Fluctuation analysis of mechanochemical coupling depending on the type of bio-molecular motor

TL;DR

This study compares the mechanochemical coupling mechanisms of myosin V and myosin II, revealing tight coupling in myosin V for cargo transport and loose coupling in myosin II for force generation, with implications for their physiological roles.

Contribution

It provides a detailed analysis of how different bio-molecular motors utilize mechanochemical coupling, highlighting the distinct mechanisms underlying their functions.

Findings

Myosin V exhibits tight mechanochemical coupling with Michaelis-Menten kinetics.

Myosin II shows loose coupling with variable step sizes depending on ATP concentration.
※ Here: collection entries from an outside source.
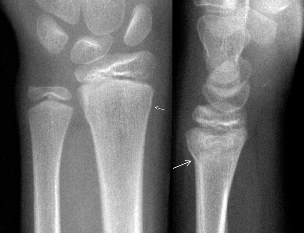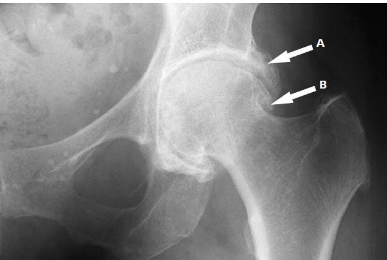 Prüfungsbild: hier ist links statt rechts dargestellt und am Hüftkopf auch unten Osteophyten sichtbar
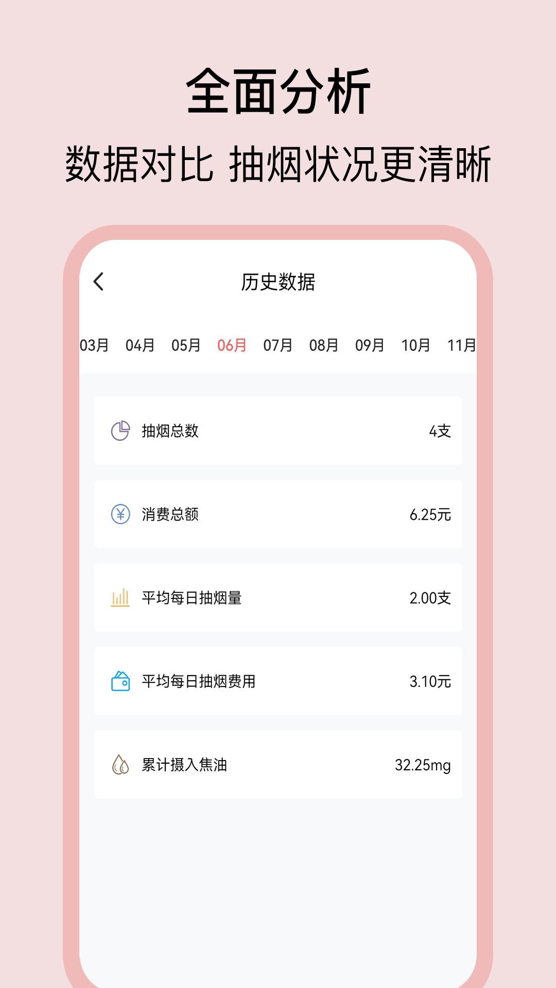 【抽烟报告】:根据您的抽烟情况生成专属戒烟抽烟报告,包括抽烟消费金额、焦油统计等,详细记录每天、每月、每年的抽烟信息。精确统计每支烟!
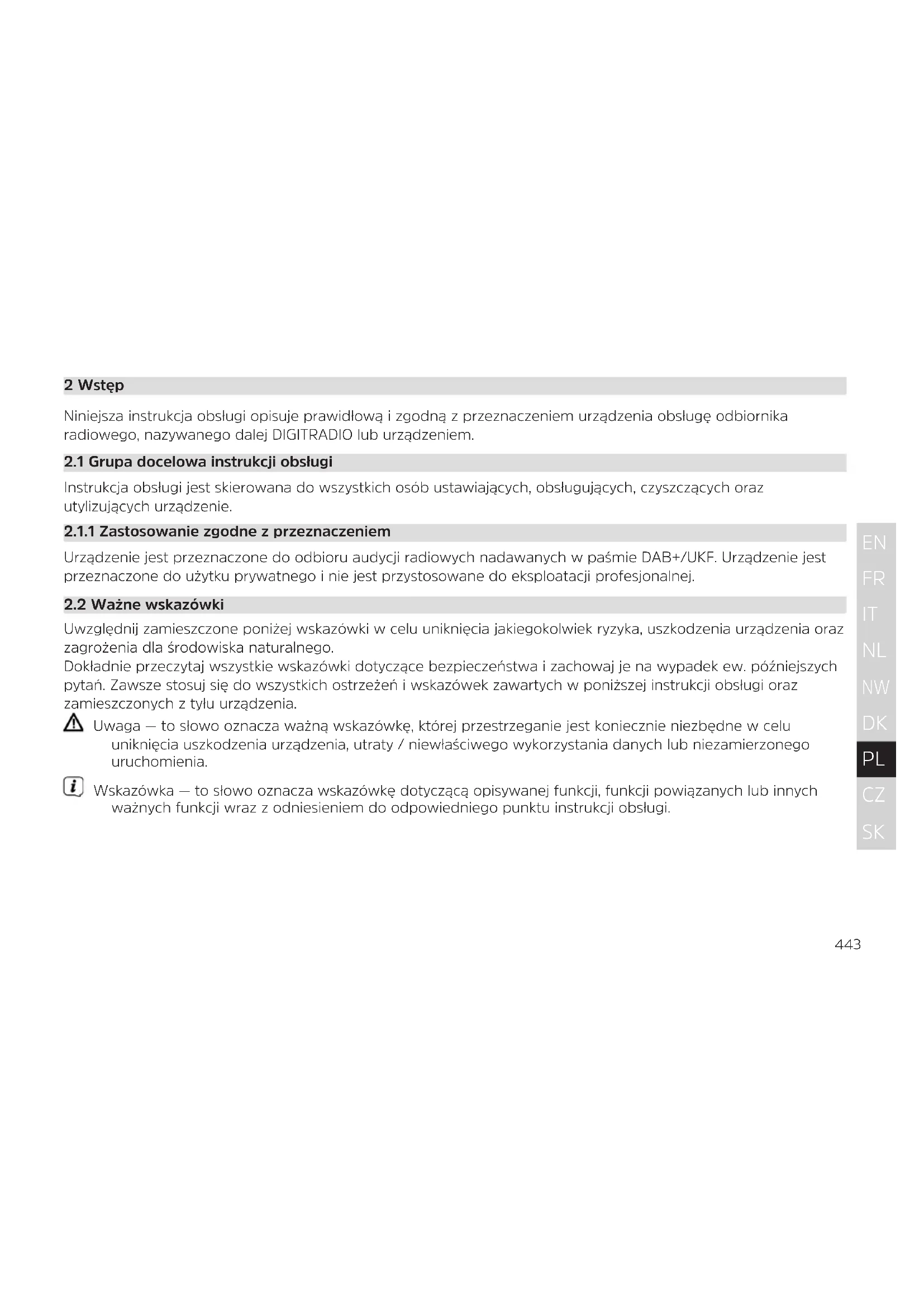 2 Wstęp Niniejsza instrukcja obsługi opisuje prawidłową i zgodną z przeznaczeniem urządzenia obsługę odbiornika radiowego, nazywanego dalej DIGITRADIO lub urządzeniem.
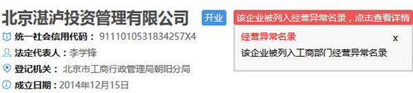 湛泸公司被列入经营异常名录。
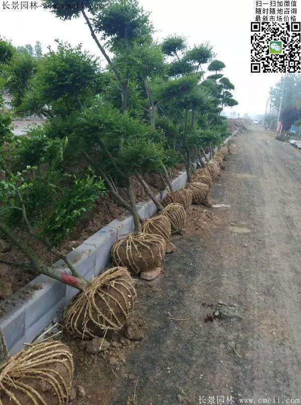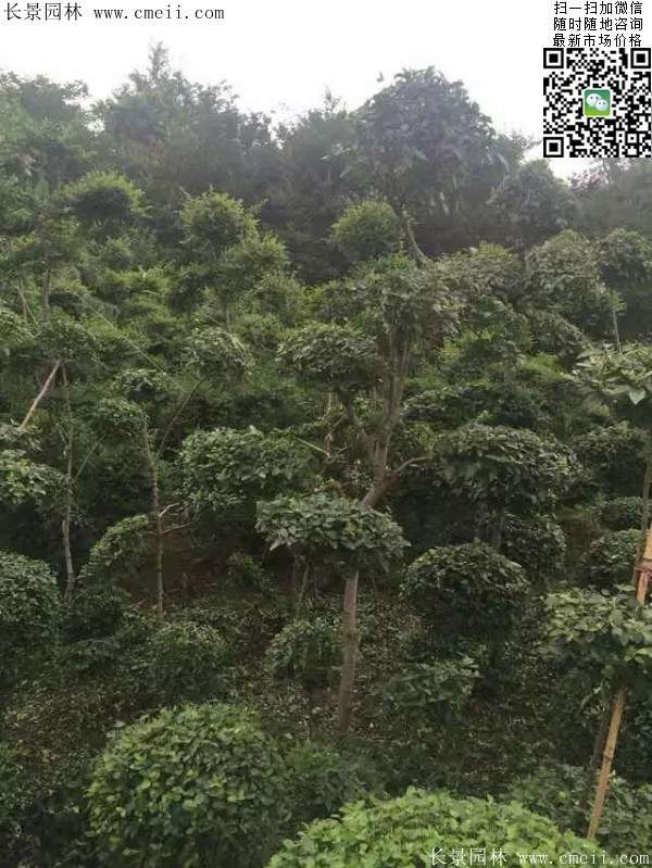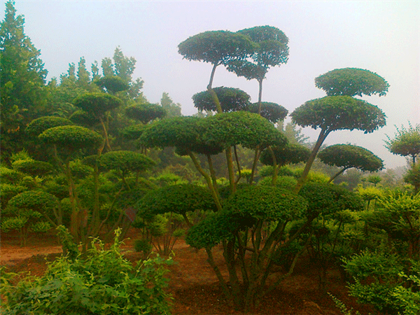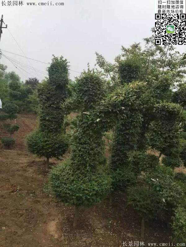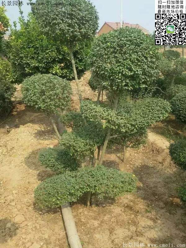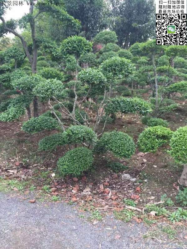 小葉女貞造型樹,經過人工整形及修剪成形,形態各異,多為多球形或云片型,高1.2米至3米,叢生或獨干,每株可存有幾個至十幾個球(或云片)。它葉小、常綠,且耐修剪,生長迅速,盆栽可制成大、中、小型盆景。極易成活,樹條柔嫩易扎定型,極富自然野趣。
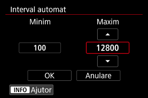 - Interval ISO folosit cu ISO Auto

Myosin II can generate larger steps (~200 nm) per ATP hydrolysis through cooperative action.

Abstract

Mechanochemical coupling was studied for two different types of myosin motors in cells: myosin V, which carries cargo over long distances by as a single molecule; and myosin II, which generates a contracting force in cooperation with other myosin II molecules. Both mean and variance of myosin V velocity at various [ATP] obeyed Michaelis-Menten mechanics, consistent with tight mechanochemical coupling. Myosin II, working in an ensemble, however, was explained by a loose coupling mechanism, generating variable step sizes depending on the ATP concentration and realizing a much larger step (200 nm) per ATP hydrolysis than myosin V through its cooperative nature at zero load. These different mechanics are ideal for the respective myosin's physiological functions.